On the other hand, his most moving paintings were made in this stage of old age: the Danaes of Naples and Madrid, the Antíope of the Louvre, the Kidnapping of Europa (in Boston, Gardner Collection), etc. He even dealt with chiaroscuro problems in the night effects of his scenes, such as The Martyrdom of San Lorenzo (Jesuit church in Venice) or Saint Jerome (Louvre). He always maintained a characteristic domain of realism, as can be seen in the magnificent portraits of this period, such as those of Felipe II, those of his daughter Lavinia or several self-portraits.
Tiziano's relationship with Felipe II was just as fruitful and intense as with his father. Starting in 1552, when he communicated to the then Prince Felipe that he had sent a Landscape and the Santa Margarita with the dragon , they began a correspondence that they would maintain uninterruptedly and that would intensify with the course of the years. The main subject of this correspondence was the royal patron's claim for works in progress and the artist's request for late payments. However, the orders were abundant and, although Titian did not set foot in the court of Madrid to portray the king, he did send him a large number of works. Some were of a religious nature such as the Burial of Christ, the Prayer in the Garden and a second version of the Martyrdom of San Lorenzo for the monastery of El Escorial, others of a mythological nature such as the Poems to which he refers in his letters or a series of Venus and other patriotic compositions such as Felipe II offers the heaven to the infant Don Fernando, commissioned by the king in 1571 in commemoration of the victory at Lepanto, and Religion helped by Spain (both in the Prado Museum).

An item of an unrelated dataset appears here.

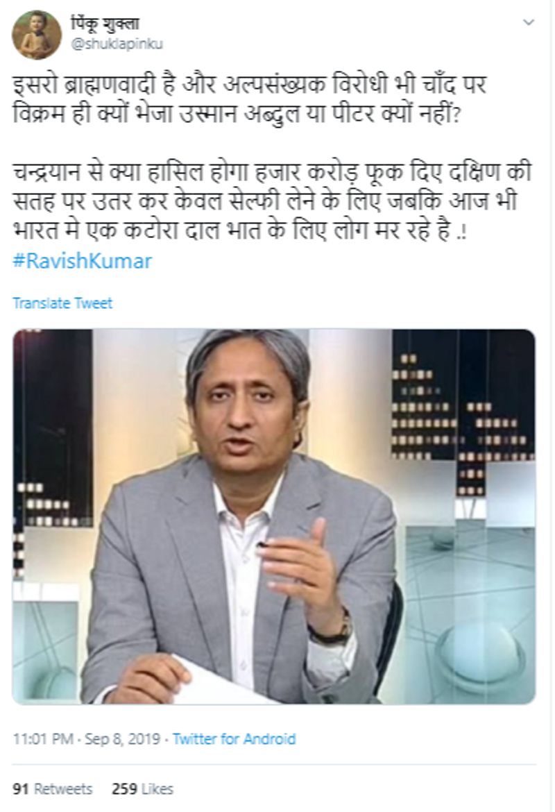 ಪತ್ರಕರ್ತ ರವೀಶ್ ಕುಮಾರ್ ಭಾರತೀಯ ಬಾಹ್ಯಾಕಾಶ ಸಂಶೋಧನಾ ಸಂಸ್ಥೆ (ಇಸ್ರೋ) ಮೇಲ್ವರ್ಗದ್ದು ಎಂದು ಆರೋಪಿಸಿ ಹೇಳಿಕೆ ನೀಡಿದ್ದಾರೆ ಎಂಬ ಹೇಳಿಕೆಯೊಂದು ಸಾಮಾಜಿಕ ಜಾಲತಾಣಗಳಲ್ಲಿ ವೈರಲ್ ಆಗುತ್ತಿದೆ. ಇದು ನಿಜಾನಾ? ಇಲ್ಲಿದೆ ಸುದ್ದಿ ಹಿಂದಿನ ಸತ್ಯಾ ಸತ್ಯತೆ

Tiziano, due to his social position, arranged a good marriage for his daughter Lavinia with Cornelio Sarcinelli of Serravalle. She is she replaced her aunt Orsa, who died at that time, in charge of Casa Vecelli, very prosperous due to the artist's stately income. The wedding took place in 1554, but Lavinia died in childbirth in 1560.
Tiziano attended the Council of Trent around 1555, the starting point of the Counter-Reformation of the Church of Rome, and which needed artists like him to create the iconography necessary to spread its ideological message. The artist made a painting of the council sessions, now lost, of which there is a copy in the Louvre Museum. Titian's friend, Pietro Aretino, died by surprise in 1556 and another close friend of the painter, Jacopo Sansovino, died in 1570. In September 1565 Titian went to Cadore and designed the decoration of the village church, partly executed by his disciples. Among the paintings that decorated it, we highlight a Transfiguration and an Annunciation (today in the Church of the Savior in Venice), in which "Titianus fecit& was inscribed #34;, as a way of protesting (according to his own testimony) against the criticism of those who thought he was too old for such a commission.
In 1566, Giorgio Vasari visited the master in Venice to bring him an honorary appointment, along with those of Andrea Palladio and Tintoretto, as an honorary member of the Florence Academy of Artists. In meeting him in Titian's workshop, Vasari reports that "although he was very old, I found him with brushes in hand."
He continued accepting commissions until the end of his days, and in order to ensure the continuity of the workshop after his death, he entrusted Cornelis Cort with the dissemination of several of his compositions in engravings. Cort would record a total of fifteen works, such as The Penitent Magdalene, the version of Tarquinio and Lucrecia from the Fitzwilliam Museum in Cambridge and La Gloria from the of the meadow. To edit these engravings Titian requested a privilege valid for fifteen years.
Tiziano had chosen as his burial place the chapel of the Crucifixion of the church of Santa Maria dei Frari and as payment for the tomb, he offered the Franciscan community a painting of the Pieta, which It would ultimately be his last work. In the Pieta he portrayed himself and his son Horace before the Savior, accompanied by a sibyl. When the canvas was about to be finished, some differences arose over the scene and Titian decided to be buried in his hometown.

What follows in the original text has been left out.